Non si tratta del suo modo di porsi al di fuori degli schemi e dei cliché. Conta poco che incarni l’essenza del poeta vagabondo che suona e compone in qualsiasi luogo il suo spirito nomade lo conduca. Non è nemmeno la sua scarsa predisposizione alle interviste, cosa che spesso può essere scambiata per antipatia, a renderlo misterioso.
No, ciò che affascina di Cass McCombs è il suo amore incondizionato per la musica, l’infinita convinzione nei propri mezzi che traspare dalla sua scrittura, spesso austera ed essenziale, ma sempre, inesorabilmente, autentica.
A conferma dell’atipicità di questo sfuggente cantautore ecco giungere il secondo disco in un anno, ennesima dimostrazione di come il nostro si diverta a farsi beffa dei consueti canoni dell’industria musicale. Il precedente “Wit’s End”, uscito a maggio, rappresentava una sorta di opus magnum per la carriera di Cass McCombs, una gemma oscura d’introverso decadentismo che sfiorava picchi d’epica stilistica davvero notevoli, pur navigando in acque talmente torbide da risultare difficilmente esplorabili ai più.

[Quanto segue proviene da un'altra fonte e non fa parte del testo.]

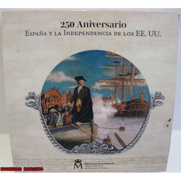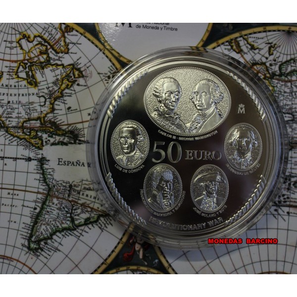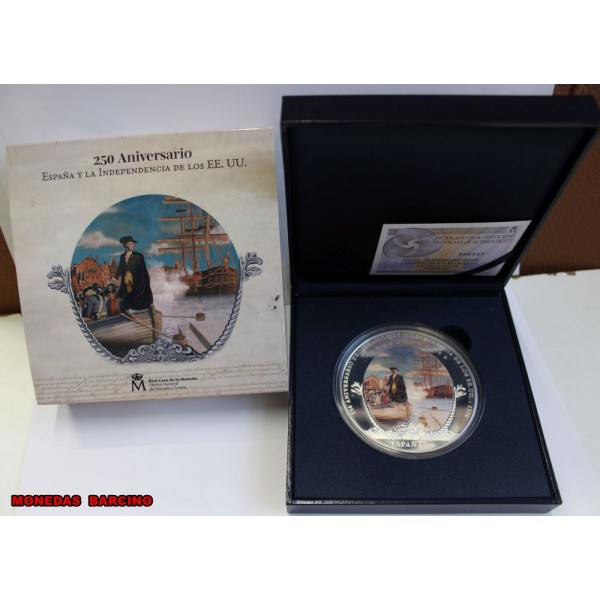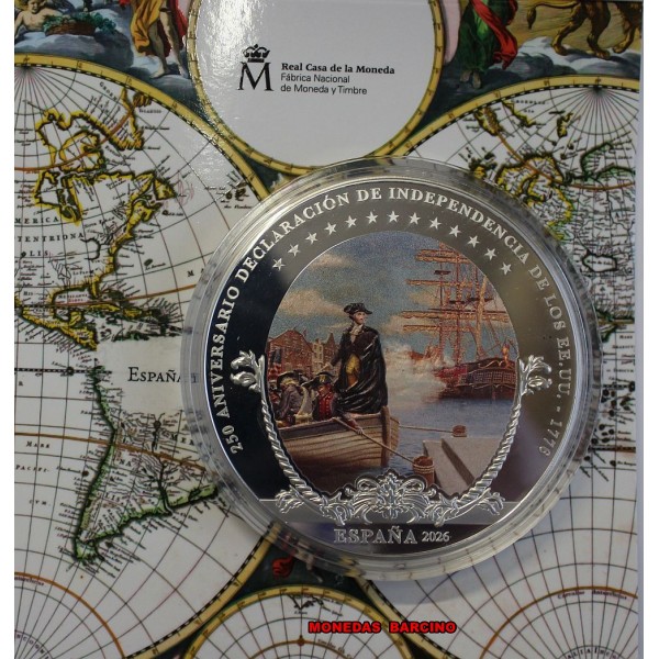 Moneda de España año 2026   rey Felipe VI de valor  50  euros  de plata 925 mls 5 Onzas    Moneda Conmemorativa  del 250 aniversario España y la independencia de los Estados Unidos.  La Moneda Coloreada Proof con estuche capsula y certificado Oficial. Real casa de la Moneda. F.N.M.T  fabrica Nacional Moneda y Timbre
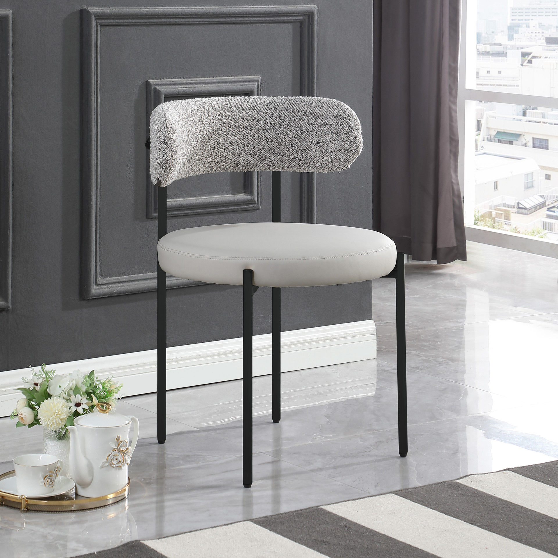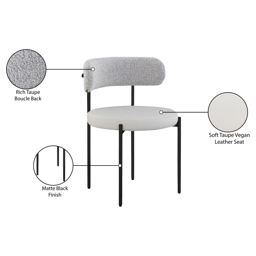Apportez un confort moderne à votre salle à manger avec cette chaise de salle à manger en similicuir taupe et tissu bouclé Beacon.
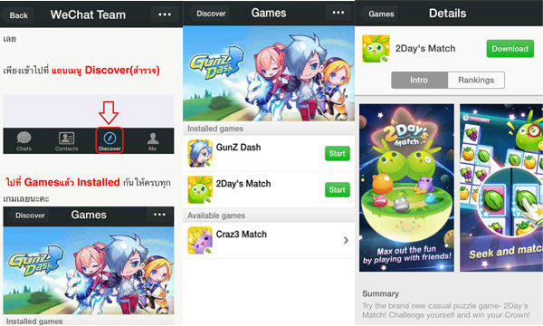 ก่อนอื่นเราต้องโหลดเกมส์มาก่อนครับ ขอบอกว่าเป็นเกมส์ฟรีนะจ๊ะมันส์ได้ไม่ต้องเสียเงิน ก่อนอื่นนั้นเราต้องทำการโหลดแอพพลิเคชั่น WeChat มาใช้งานก่อน หลังจากนั้นก็ให้ไปที่แถบเมนู Discover (สามารถทำตามภาพที่ทางทีมงานแสดงประกอบด้านล่างได้เลยครับ)

Se paragonato al tetro cadenzare del gemello, il nuovo “Humor Risk” appare un lavoro quasi solare, che si dilata su passaggi chitarristici polverosi e biascicati, che sembrano quasi voler tratteggiare un intenzionale contrasto con la nitida dialettica del predecessore.
Sia chiaro, le opere di Cass McCombs non sono mai perfette, né aspirano a esserlo; probabilmente “Wit’s End” era più raffinato nella forma e marcato nei contenuti, mentre “Humor Risk” ha dalla sua una maggiore immediatezza, testimoniata fin dall’inizio dalla sublime filastrocca “Love Thine Enemy”. Stupisce la profonda innocenza di questo brano, giocato tutto su un paio di sbuffi di chitarra elettrica ripetuti all’infinito e su un testo sottile e pungente.
Proprio le liriche vanno a costituire uno dei punti forti del disco, mostrando ancora una volta come la vena da cantastorie di Cass McCombs sappia trovare la sua compiutezza sia lungo tempi dilatati, che su ritmiche più serrate.
A tal proposito è impossibile non citare il cadenzato rock’n’roll di “Mistery Mail”, grottesco racconto incentrato sulla storia di un vecchio amico che, dopo essere finito a lavorare per un business familiare di produzione di metamfetamine, finisce prima in prigione e poi infilzato con una penna a biro.
Per il cantautore californiano è la casualità a dominare le nostre vite; è perciò inutile domandarsi il perché delle cose in un mondo in cui “dolore e amore sono la stessa cosa”, come spiega nel riuscitissimo mid tempo “The Same Thing”, primo singolo estratto dal disco.
La cantilena allegra e disinvolta “Robbin Egg Blue” e la tetra ballata lo-fi “Mariah” completano infine l’elenco dei brani fortunati di questo album, andando ad aggiungere due ennesime piccole gemme alla lista dei successi della carriera di Cass.
“Humor Risk” è un disco atipico, esuberante e bizzarro, ma anche logorroico e autoreferenziale, perfetta summa dei (molti) pregi e dei (pochi) difetti della biografia del suo autore.
Un giorno forse, disteso sul sedile posteriore del suo pullmino, Cass McCombs metterà insieme tutte le bozze di una vita passata a cercare l’essenza stessa della musica, e scriverà il suo capolavoro.
Fino ad allora ci dovremo accontentare, si fa per dire, della sua eccezionale autenticità.